We developed a 1-page Checklist that helped us identify Who, What, Where, Why, When and How that helped to quickly gather the appropriate resources to deal with an issue. (See example of Checklist )

The Communication Leader would then start the notification process to management and our internal customers giving them details about the incident: what happened, what we were doing about it, when they would see resolution and / or when we would provide an update. They also issued the "Incident Resolved" notice when the problem was fixed.

We learned very early that when a technical problem happens, the technical people who can fix it should focus all their time and energy on fixing the problem, not dealing with customer communications and a barrage of questions. People who can communicate with customers should be assigned the communication role so the technical people can concentrate on what they do best.

We developed communications templates that could be used and updated quickly with the current incident’s information. We developed a process for how to notify internal customers if the network or phone system went down (e.g., walking the floors of offices, using the phone system instead of email, using walkie-talkies, using cell phones, etc.) Our process also included when to post notices on our internal intranet as well as external customer-facing websites and social media about outages.

We developed a step-by-step plan for each severity level for each role – who did what, when and how. And, when an "Incident" was called, that incident became the IRT Team’s highest priority. Everyone went to work to get the issue resolved as quickly as possible.

Each business group that had a representative on the IRT Team, also developed a written process for what they would do when there was an Incident in their focus area. Each IRT Team member and backup person had a 3-ring notebook with their overall IRT and focus area written plans. That gave them something they could grab quickly and check off what needed to be done. If for any reason, someone else needed to step in for a team member, everyone knew where to look to take over easily. We even developed telephone scripts that could be used to broadcast a voicemail message to appropriate people in addition to email notifications.

After an Incident was designated, the IRT team members met quickly as needed for status updates (usually, about every 2 hours) so that we could keep impacted stakeholders updated with progress reports regularly. Some incidents were resolved quickly; some went on for several hours or days before they could be resolved.

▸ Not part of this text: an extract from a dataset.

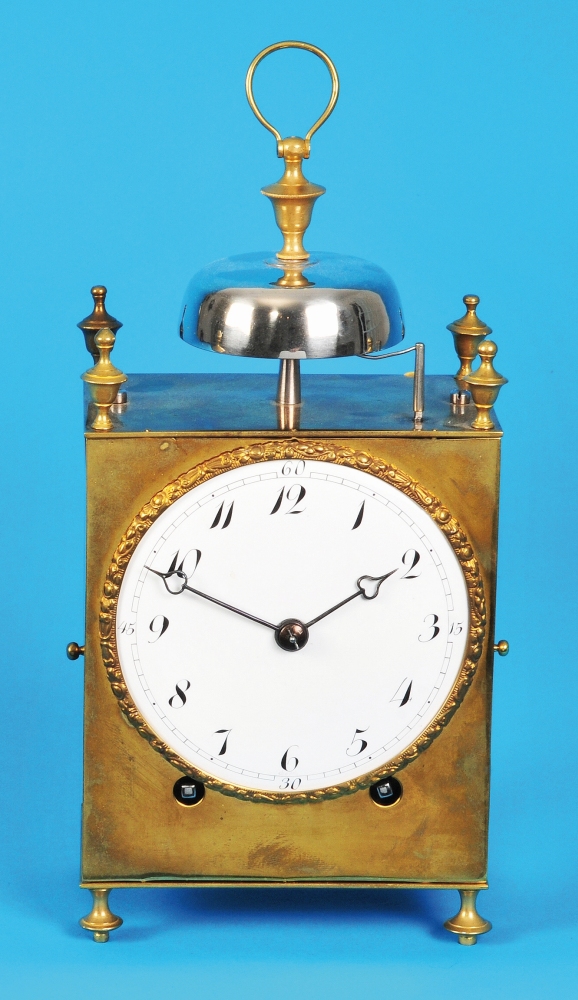 mit seitlichen Türen geschlossenes Messinggehäuse mit über dem Werkdach angeordneter Glocke mit Tragbügel,

After an Incident was resolved and customers notified of "all clear," we held a Post Incident Review meeting within a week to review what happened, what went well, what didn’t go well and what improvements we could make, either in the IRT process or in any other area affected. Over time, those review meetings provided a large number of process improvements that prevented other failures.

Benefits

The IRT team members were committed to the process, given the authority to take action quickly and became very much respected by management and customers. Everyone in the organization learned that if a computer problem was noticed by anyone at all, there was a clear path to let the right people know about it so it could get resolved.

One of the side benefits of our Incident Response Team process was that it helped to raise awareness in the IT staff about the customer impact of a network change that went wrong, a new application that failed, a technology change that caused unexpected customer disruption or the business impact of any other type of technology outage. It also provided a clearly identified business process, with multiple people aware of and responsible for handing any possible service disruptions.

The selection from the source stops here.